Lopes concorda com as assertivas de Amaral quando ventila que para que exista a prestação do serviço é preciso ter os meios suficientes para tal e não fazer preferências entre os indivíduos, em sua dicção expõe:

“Prestá-lo a quem tiver tido a oportunidade e a sorte de obter uma decisão judicial e abandonar a imensa fila de espera? Seria isto viável de fato e de direito, se o serviço público deve pautar-se pela sua universalidade, impessoalidade e pelo atendimento a quem dele mais precisar e cronologicamente anteceder os outros?”256.

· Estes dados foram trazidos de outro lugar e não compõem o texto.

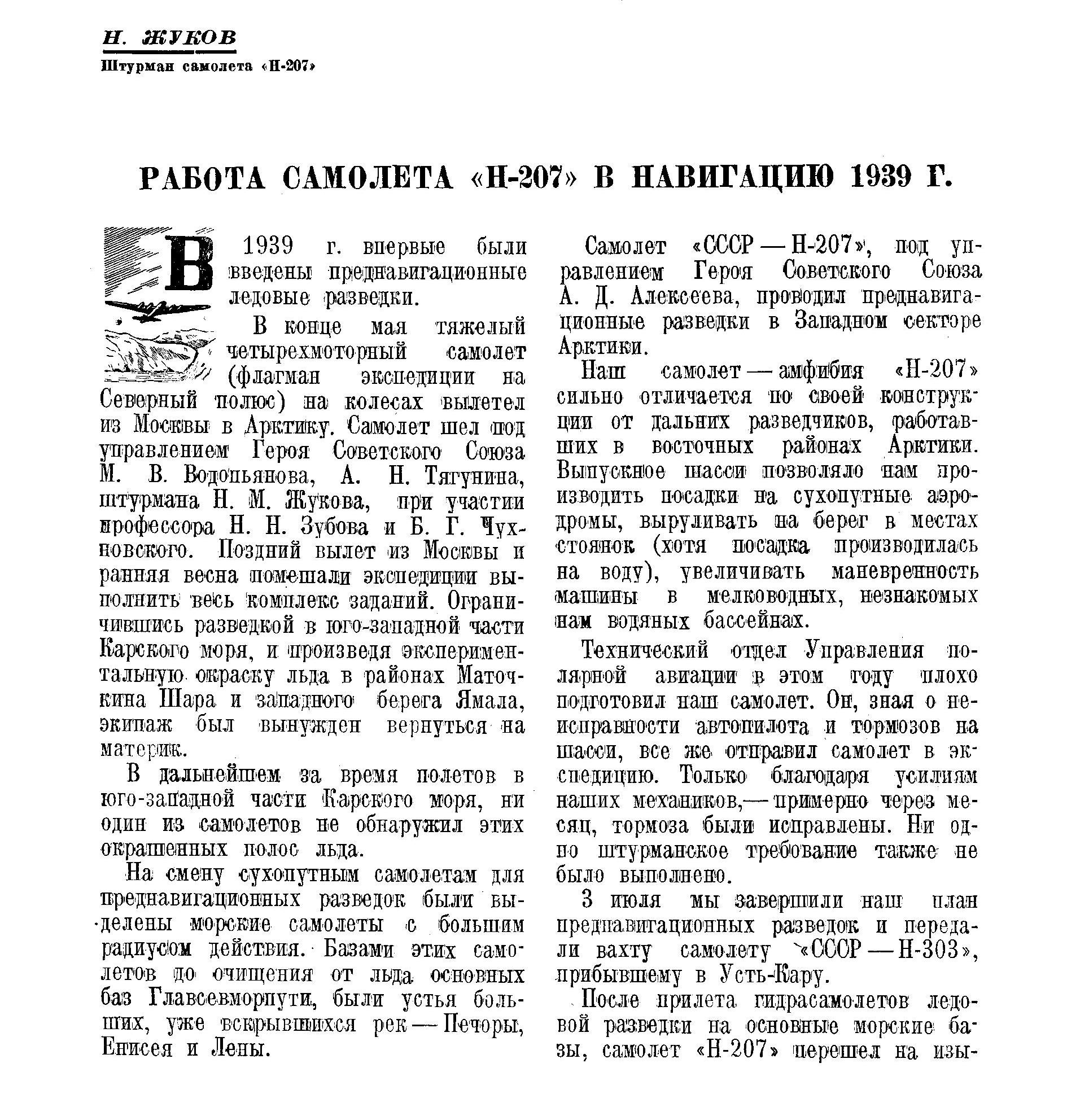 РАБОТА САМОЛЕТА «Н-207» В НАВИГАЦИЮ 1939 Г.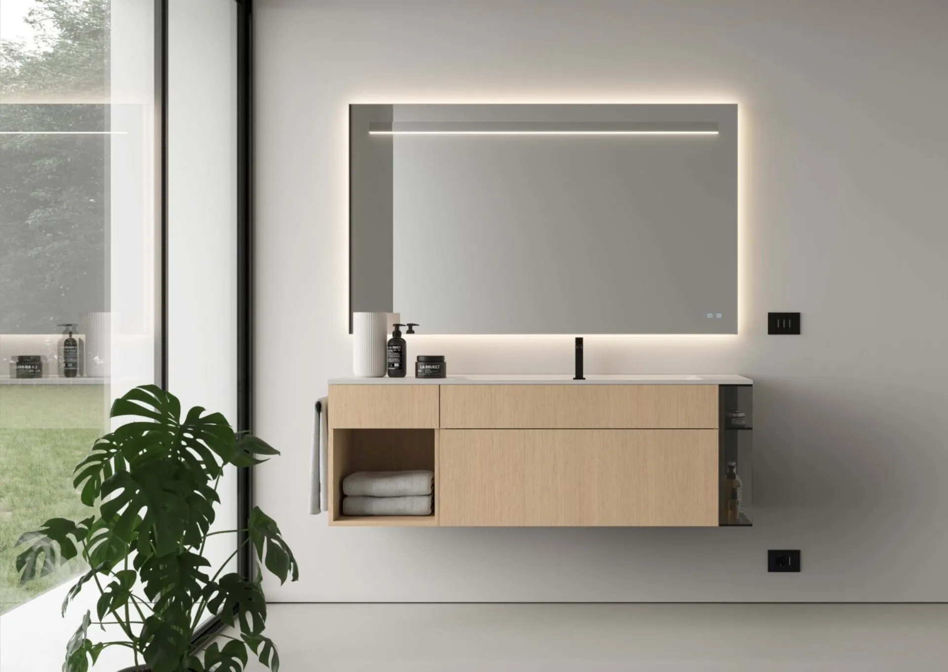I programmi di Arredo Bagno della firma Ideagroup garantiscono buone occasioni di personalizzazione, un design ricercato, tanta funzionalità ed ergonomia. Il modello in legno che presentiamo è sviluppato per decorare la stanza da bagno unendo ottimamente grandi doti di funzionalità e stile. Ogni componente di Arredo Bagno design con mobili bagno sospesi della firma serve a far diventare il locale di destinazione un interno gradevole. Una scelta praticamente infinita di finiture disponibili e colori di design connotano glimobili del rinomato marchio, sinonimo di eccellenza nel settore. Una notevole cura dei particolari garantisce la qualità che connota ciascuna linea di mobili bagno sospesi di Ideagroup a disposizione in showroom.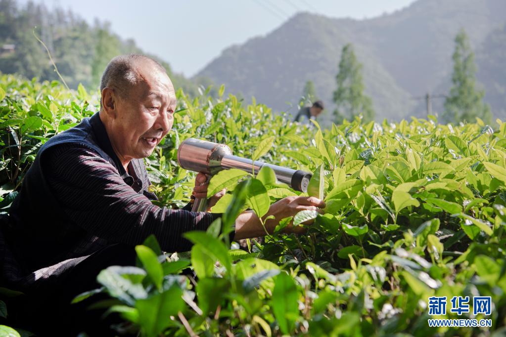 1957年出生的安康市紫阳县科技工作者梅紫青在茶园里查看富硒茶大叶泡品种的水分与折光率(5月9日摄)。1978年全国科学大会后,梅紫青在陕西省农科院专家的指导下,于1980年发现紫阳县为中国第二大富硒区,进而进入富硒茶开发研究;1989年该成果在北京通过鉴定,并获得国家星火计划金奖。目前富硒茶已为当地的主导产业。

Esse argumento utilizado pelo professor de história do direito da USP certamente se refere, haja vista a falta de especificação, ao caso de transplantes donde alguém no final da fila pode ser atendido antes, pelo seu grave estado de saúde e pela impossibilidade da espera, por determinação judicial.

A decisão judicial que concretiza um direito fundamental social prestacional a determinado indivíduo nos estritos limites da lide em análise (microjustiça) não lesiona o princípio da igualdade pelo argumento de não ser possível estender esse direito concretizado a todos os outros que estejam em situação semelhante; se acolhêssemos essa crítica estaríamos afastando a tutela jurisdicional daquele que recorreu ao Judiciário em nome de todos aqueles que não recorreram, é como se disséssemos não à concretização de um direito ao indivíduo pelo fato dessa decisão abrir um precedente difícil (ou impossível) de concretização erga omnes.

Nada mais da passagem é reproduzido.